**TASK BRIEF:** Using the data below, set down every line from the one containing "Санузел совмещенный, плитка" through the one containing "Teak and rattan.", inclusive and unchanged. Pictures are to be skipped.

**MATERIAL FOR THE TASK:**
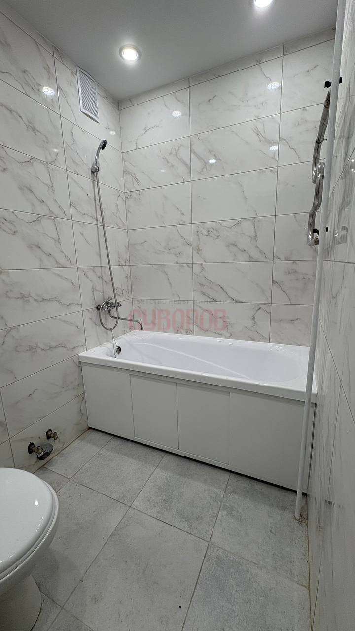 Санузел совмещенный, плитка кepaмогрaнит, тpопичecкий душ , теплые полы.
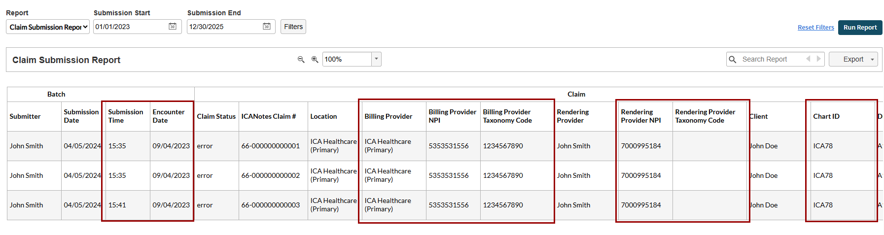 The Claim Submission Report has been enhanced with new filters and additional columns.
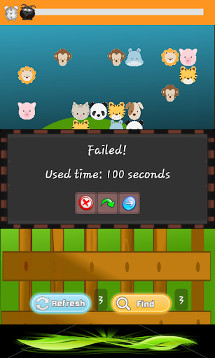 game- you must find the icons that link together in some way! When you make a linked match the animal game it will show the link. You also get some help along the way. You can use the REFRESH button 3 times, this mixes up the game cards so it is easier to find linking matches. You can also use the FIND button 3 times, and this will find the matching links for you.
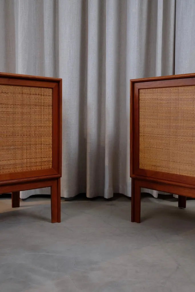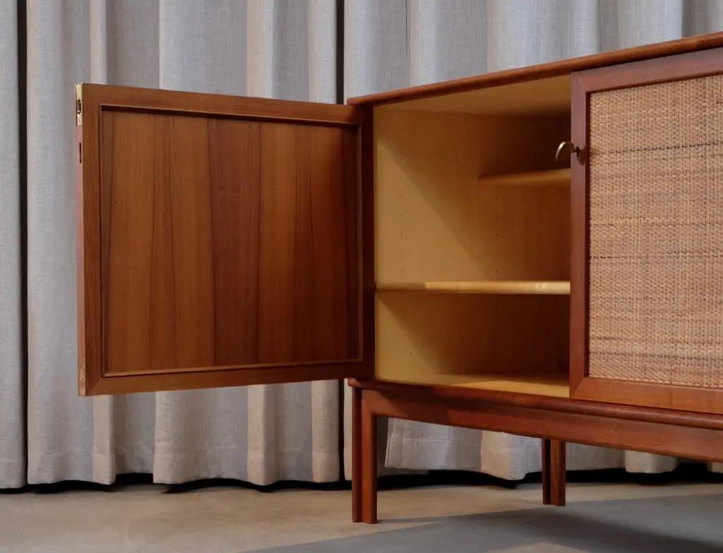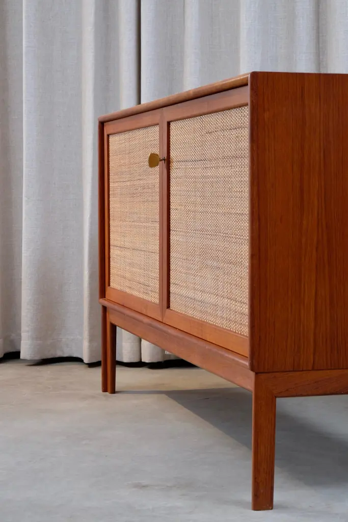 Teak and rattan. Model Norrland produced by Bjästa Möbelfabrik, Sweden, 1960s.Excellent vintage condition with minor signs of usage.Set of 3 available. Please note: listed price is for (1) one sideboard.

==

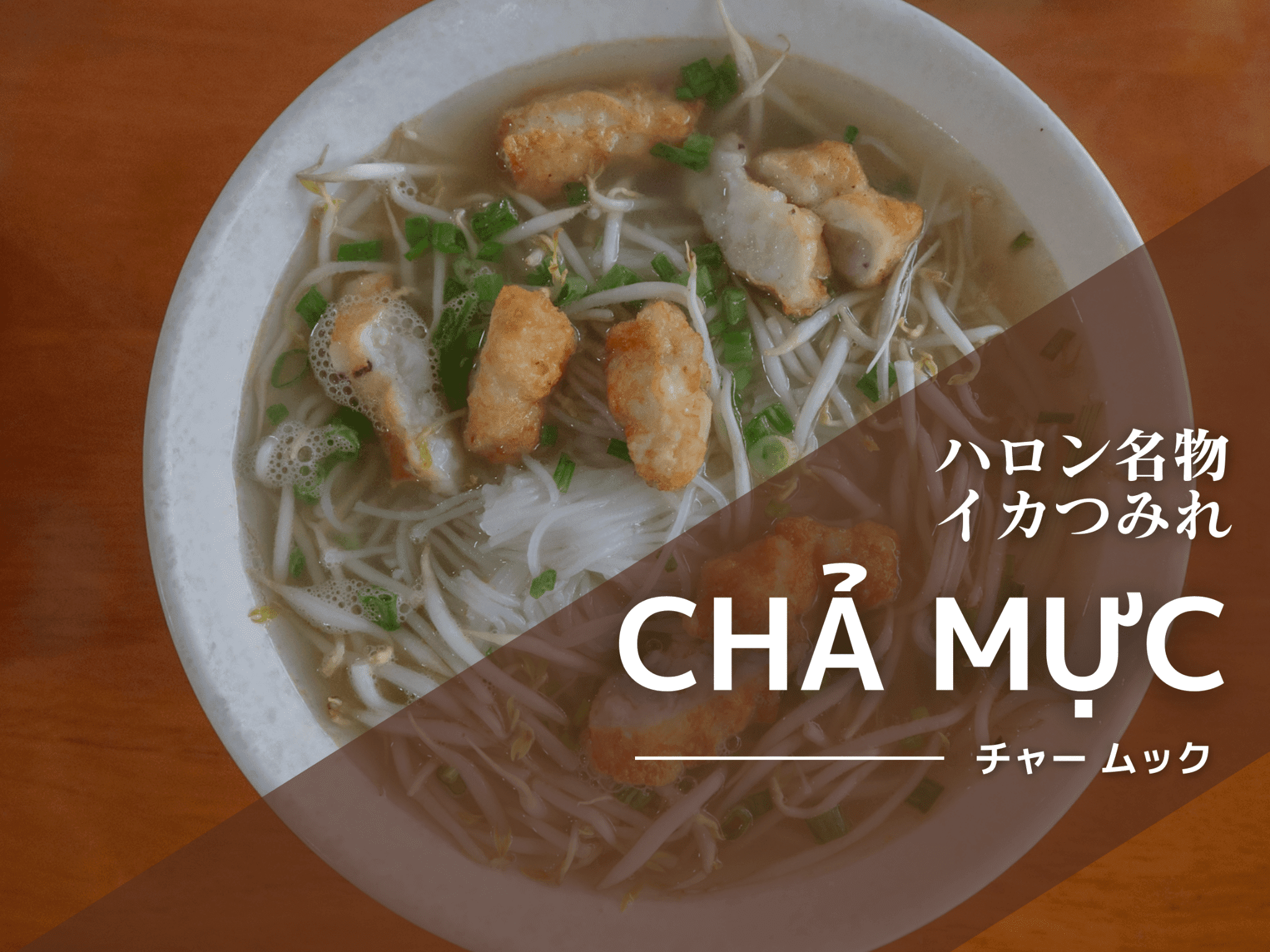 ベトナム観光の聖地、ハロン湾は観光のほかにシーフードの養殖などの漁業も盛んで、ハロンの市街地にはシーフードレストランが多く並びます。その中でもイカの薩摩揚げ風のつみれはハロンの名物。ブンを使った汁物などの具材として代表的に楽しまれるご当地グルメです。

...

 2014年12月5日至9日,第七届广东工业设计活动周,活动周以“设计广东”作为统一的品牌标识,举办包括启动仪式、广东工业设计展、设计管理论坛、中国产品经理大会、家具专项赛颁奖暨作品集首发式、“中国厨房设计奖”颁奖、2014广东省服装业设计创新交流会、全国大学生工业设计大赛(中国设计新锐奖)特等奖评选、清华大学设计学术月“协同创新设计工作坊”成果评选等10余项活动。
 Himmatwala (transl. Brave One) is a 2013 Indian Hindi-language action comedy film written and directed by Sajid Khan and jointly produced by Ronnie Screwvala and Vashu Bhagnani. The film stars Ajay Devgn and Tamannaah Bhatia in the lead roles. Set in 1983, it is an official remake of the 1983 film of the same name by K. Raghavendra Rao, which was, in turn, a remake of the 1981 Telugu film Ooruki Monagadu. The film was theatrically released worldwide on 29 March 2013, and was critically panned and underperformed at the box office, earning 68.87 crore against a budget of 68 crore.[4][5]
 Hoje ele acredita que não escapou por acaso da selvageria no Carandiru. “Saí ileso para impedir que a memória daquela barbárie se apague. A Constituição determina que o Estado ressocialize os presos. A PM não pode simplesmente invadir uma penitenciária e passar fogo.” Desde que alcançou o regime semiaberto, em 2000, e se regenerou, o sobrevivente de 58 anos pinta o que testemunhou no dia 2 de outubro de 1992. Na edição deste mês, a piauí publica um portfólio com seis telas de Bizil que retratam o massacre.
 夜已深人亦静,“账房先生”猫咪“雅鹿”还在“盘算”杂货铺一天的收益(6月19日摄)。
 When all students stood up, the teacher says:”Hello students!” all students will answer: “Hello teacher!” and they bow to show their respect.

**SOLUTION TO THIS EXERCISE:**
 Санузел совмещенный, плитка кepaмогрaнит, тpопичecкий душ , теплые полы.
 The Claim Submission Report has been enhanced with new filters and additional columns.
 game- you must find the icons that link together in some way! When you make a linked match the animal game it will show the link. You also get some help along the way. You can use the REFRESH button 3 times, this mixes up the game cards so it is easier to find linking matches. You can also use the FIND button 3 times, and this will find the matching links for you.
 Teak and rattan. Model Norrland produced by Bjästa Möbelfabrik, Sweden, 1960s.Excellent vintage condition with minor signs of usage.Set of 3 available. Please note: listed price is for (1) one sideboard.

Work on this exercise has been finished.